Re: Spark geode best practices

Posted by Charlie Black <cb...@pivotal.io>.
Try batches that are small as a starting point - say 100.

On Wed, Jun 26, 2019 at 10:33 AM aashish choudhary <
aashish.choudhary1@gmail.com> wrote:

> Yes we see exceeded max-connections error on server side.
>
> So I was trying to see how the putAll API works in general and from a
> standard java client I was trying to simulate the behaviour that we see on
> our server.
> I tried to put 600k records using putAll on my local machine with 1
> locator and 2 servers. Region type is replicate persistent and I could see
> that local clientCache API getting crashed with some "pool unexpected"
> error. We do see this error on our spark code as well. It then do a retry
> and gets failed. However surprisingly data gets inserted in the region even
> though clientCache java API was crashed.
>
> I tried to run it through in some batches but those also got failed and
> it's too slow.
>
> Only way I was able to make it work by is increasing readtimeout to 60
> seconds.
>
> Can someone share some tips on putAll API?
> How to use it effectively?
>
>
> With best regards,
> Ashish
>
> On Wed, Jun 26, 2019, 6:20 AM Anilkumar Gingade <ag...@pivotal.io>
> wrote:
>
>> Ashish,
>>
>> Do you see "exceeded max-connections" error...
>>
>> Operation/Job getting completed second time indicates, the server where
>> the operation is executed first time may have issues, you may want to see
>> the load on that server and if there are any memory issues.
>>
>> >>What is the recommended way to connect to geode using spark?
>> Its more of how the geode is used in this context; is the spark
>> processors are acting as geode's client or peer node.
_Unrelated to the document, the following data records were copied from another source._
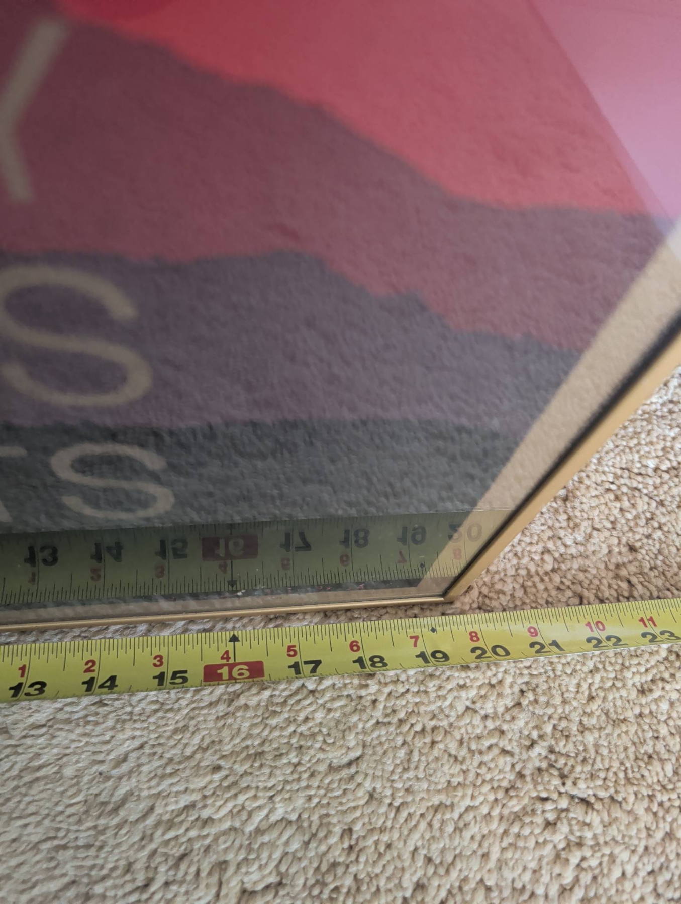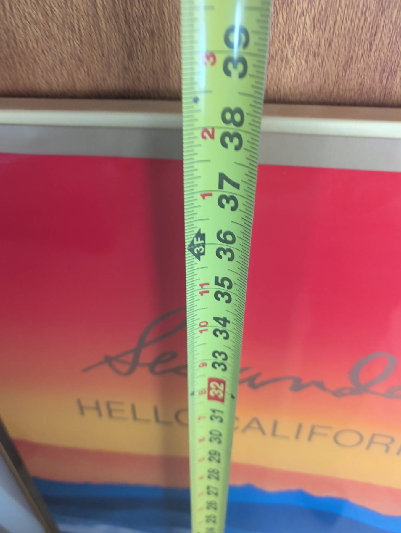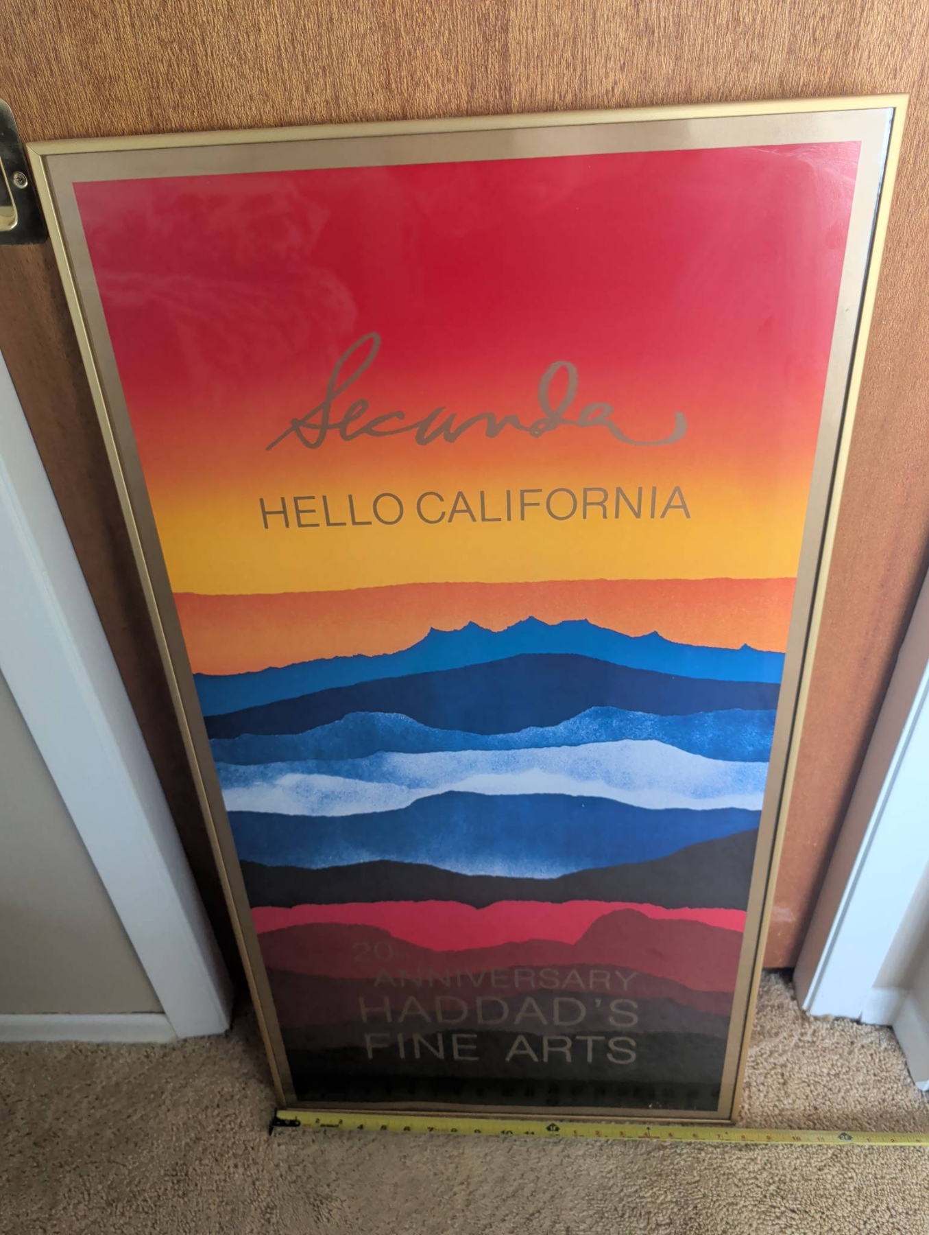 Framed artwork featuring vibrant ‘Hello California’ design, highlighting a layered mountainous aesthetic in warm tones. Positioned within a metallic frame, this piece measures approximately 37 inches in height and 17 inches in width. Includes rear hanging wire for convenient wall display. Excellent choice for enthusiasts of bold, colorful art or California-inspired themes.
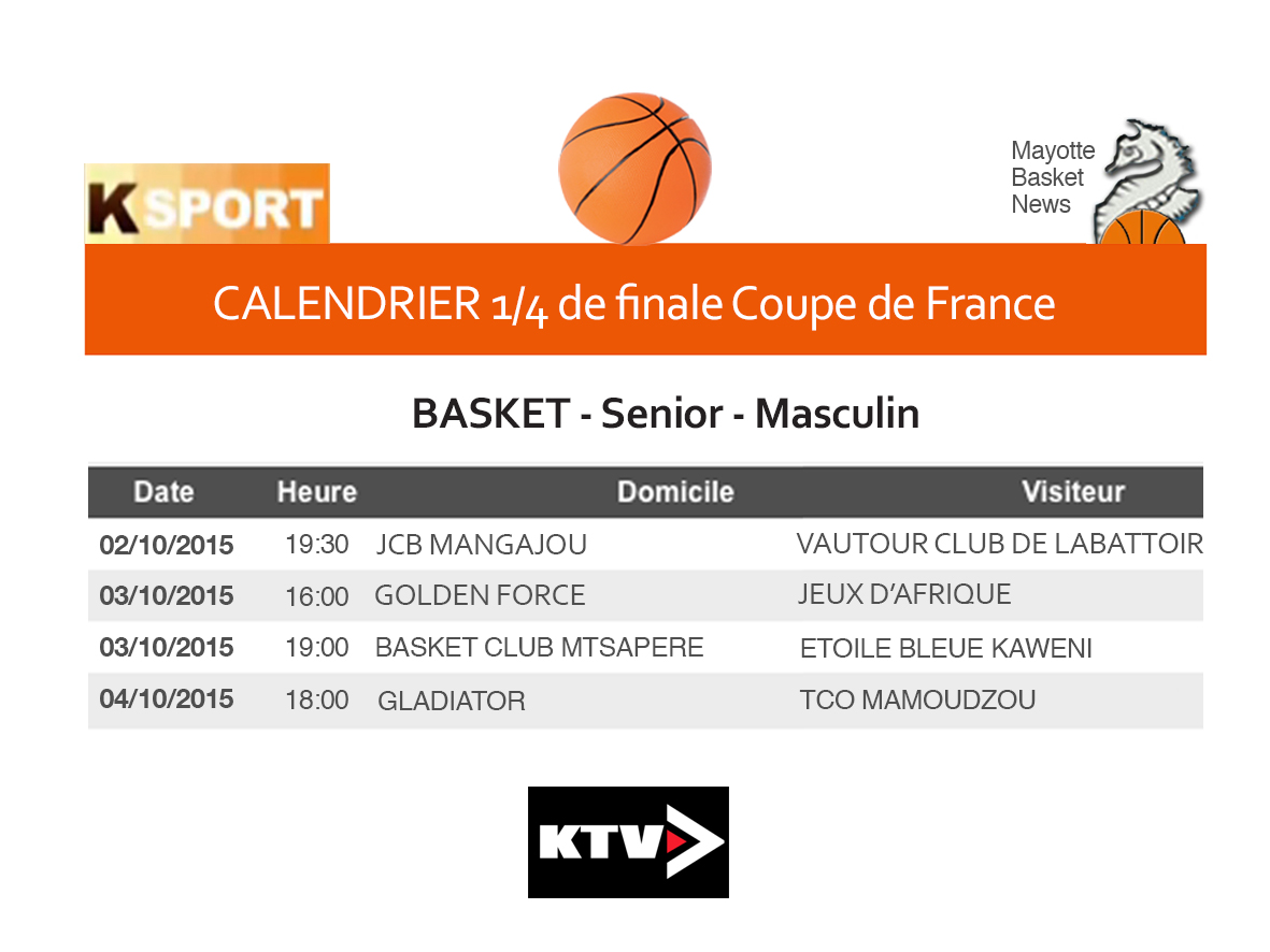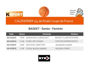 Ce week-end, le basket mahorais verra se jouer chez les femmes et chez les hommes les matchs de 1/4 de finale de la Coupe de France régionale. KSPORT se fera écho de tous les résultats lundi soir à 20h sur KTV. Ci-dessous le calendrier des matchs du week-end :
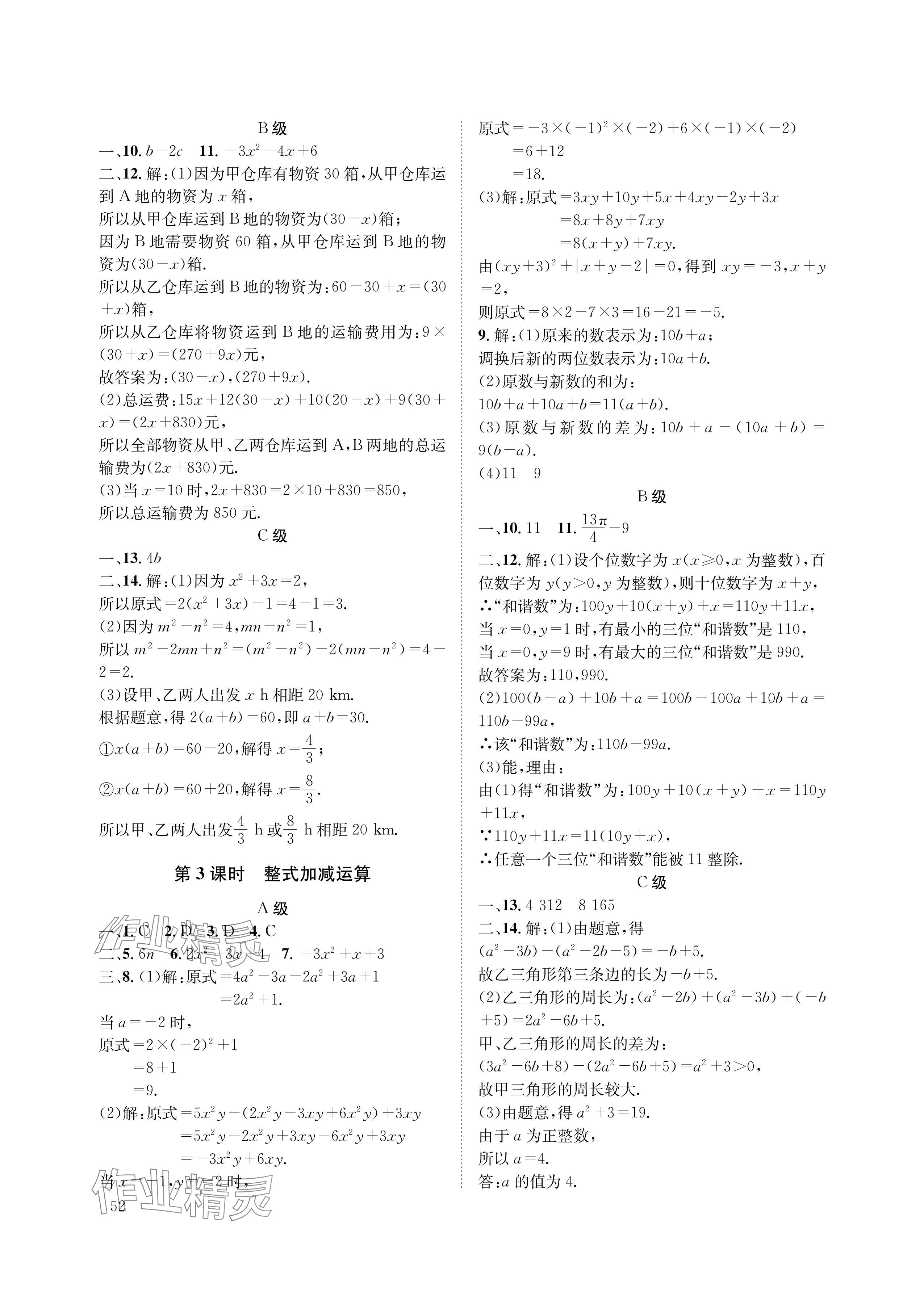 - 参考答案第52页
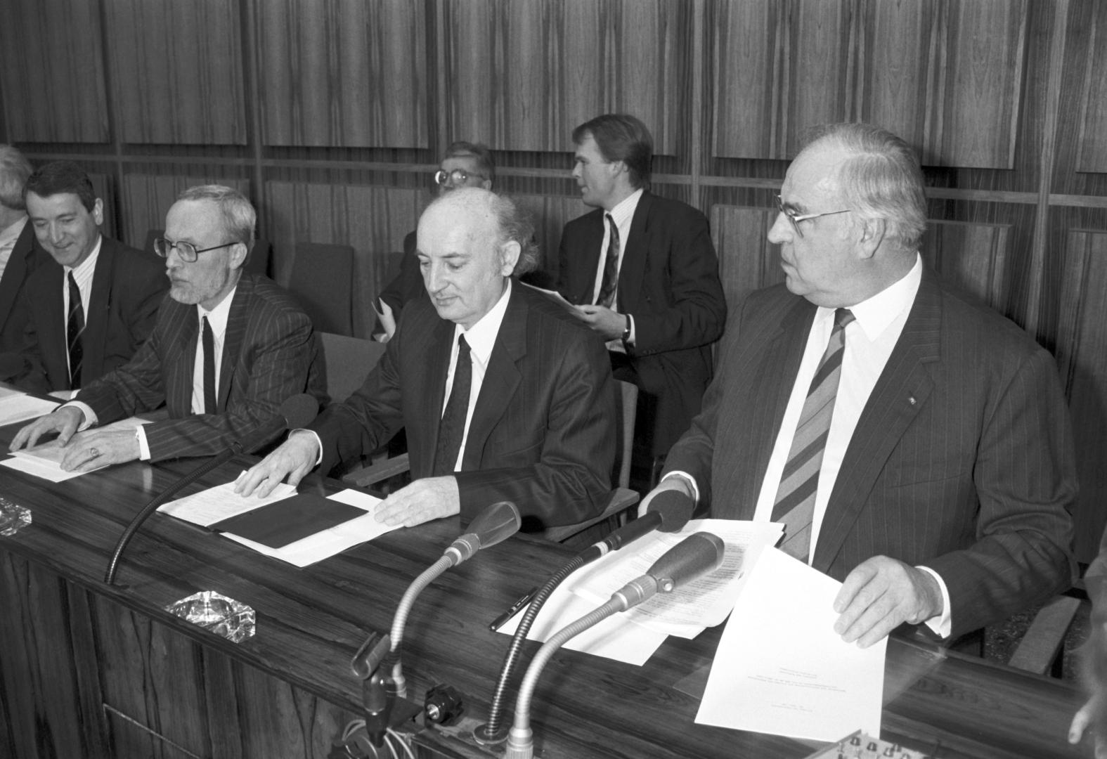 Innerhalb der Union gab es zwei grundsätzlich unterschiedliche Positionen. Der Landesverband Hessen unter Ministerpräsident Walter Wallmann, der bereits im Herbst 1989 erste Kontakte nach Thüringen geknüpft hatte, die West-Berliner CDU und die Exil-CDU sprachen sich eindeutig für eine Kontaktaufnahme mit reformbereiten Kräften in der CDU der DDR aus, die besonders an der Basis immer präsent gewesen seien. Auf ihrer Sitzung am 18. Dezember 1989 stimmte auch die CDU/CSU-Fraktionsvorsitzendenkonferenz einer Kooperation mit der CDU der DDR zu. Generalsekretär Volker Rühe lehnte dagegen jede Form der Zusammenarbeit mit der bisherigen Blockpartei strikt ab, da er längerfristig negative Folgen solcher Kontakte für das Ansehen der CDU befürchtete. Kohl blieb insgesamt ebenfalls zurückhaltend, zumal sich eine weitere Option anbot.

If its geode client,
>> then its more about tuning client connections based on how/what operations
>> are performed.
>>
>>  Anil
>>
>>
>>
>>
>> On Tue, Jun 25, 2019 at 10:54 AM aashish choudhary <
>> aashish.choudhary1@gmail.com> wrote:
>>
>>> We could also see below on server side logs as well.
>>>
>>> Rejected connection from Server connection from
>>> >> [client host address=x.yx.x.x; client port=abc] because incoming
>>> >> request was rejected by pool possibly due to thread exhaustion
>>> >>
>>>
>>>
>>> On Tue, Jun 25, 2019, 7:27 AM aashish choudhary <
>>> aashish.choudhary1@gmail.com> wrote:
>>>
>>>> As I mentioned earlier threads count could go to 4000 and we have seen
>>>> readtimeout crossing default 10 seconds. We tried to increase read timeout
>>>> to 30 seconds but that didn't work either. Record count is not more than
>>>> 600k.
>>>>
>>>> Job gets successful in second attempt without changing anything which
>>>> is bit weird.
>>>>
>>>> With best regards,
>>>> Ashish
>>>>
>>>> On Tue, Jun 25, 2019, 12:23 AM Anilkumar Gingade <ag...@pivotal.io>
>>>> wrote:
>>>>
>>>>> Hi Ashish,
>>>>>
>>>>> How many threads at a time executing putAll jobs in a single client
>>>>> (spark job?)...
>>>>> Do you see read timeout exception in client logs...If so, can you try
>>>>> increasing the read timeout value. Or reducing the putAll size.
>>>>>
>>>>> In case of PutAll for partitioned region; the putAll (entries) size is
>>>>> broken down and sent to respective servers based on its data affinity; the
>>>>> reason its working with partitioned region.
>>>>>
>>>>> You can find more detail on how client-server connection works at:
>>>>>
>>>>> https://geode.apache.org/docs/guide/14/topologies_and_comm/topology_concepts/how_the_pool_manages_connections.html
>>>>>
>>>>> -Anil.
>>>>>
>>>>>
>>>>>
>>>>>
>>>>>
>>>>>
>>>>>
>>>>> On Mon, Jun 24, 2019 at 10:04 AM aashish choudhary <
>>>>> aashish.choudhary1@gmail.com> wrote:
>>>>>
>>>>>> Hi,
>>>>>>
>>>>>> We have been experiencing issues while connect to geode using putAll
>>>>>> API with spark. Issue is specific to one particular spark job which tries
>>>>>> to load data to a replicated region. Exception we see in the server side is
>>>>>> that default limit of 800 gets maxed out and on client side we see retry
>>>>>> attempt to each server but gets failed even though when we re ran the same
>>>>>> job it gets completed without any issue.
>>>>>>
>>>>>> In the code problem I could see is that we are connecting to geode
>>>>>> using client cache in forEachPartition which I think could be the issue. So
>>>>>> for each partition we are making a connection to geode. In stats file we
>>>>>> could see that connections getting timeout and there is thread burst also
>>>>>> sometimes >4000.
>>>>>>
>>>>>> What is the recommended way to connect to geode using spark?
>>>>>>
>>>>>> But this one specific job which gets failed most of the times and is
>>>>>> a replicated region. Also when we change the type of region to partitioned
>>>>>> then job gets completed. We have enabled disk persistence for both type of
>>>>>> regions.
>>>>>>
>>>>>> Thoughts?
>>>>>>
>>>>>>
>>>>>>
>>>>>> With best regards,
>>>>>> Ashish
>>>>>>
>>>>>

-- 
Charlie Black | cblack@pivotal.io

Re: Spark geode best practices

Posted by aashish choudhary <aa...@gmail.com>.
Yes we see exceeded max-connections error on server side.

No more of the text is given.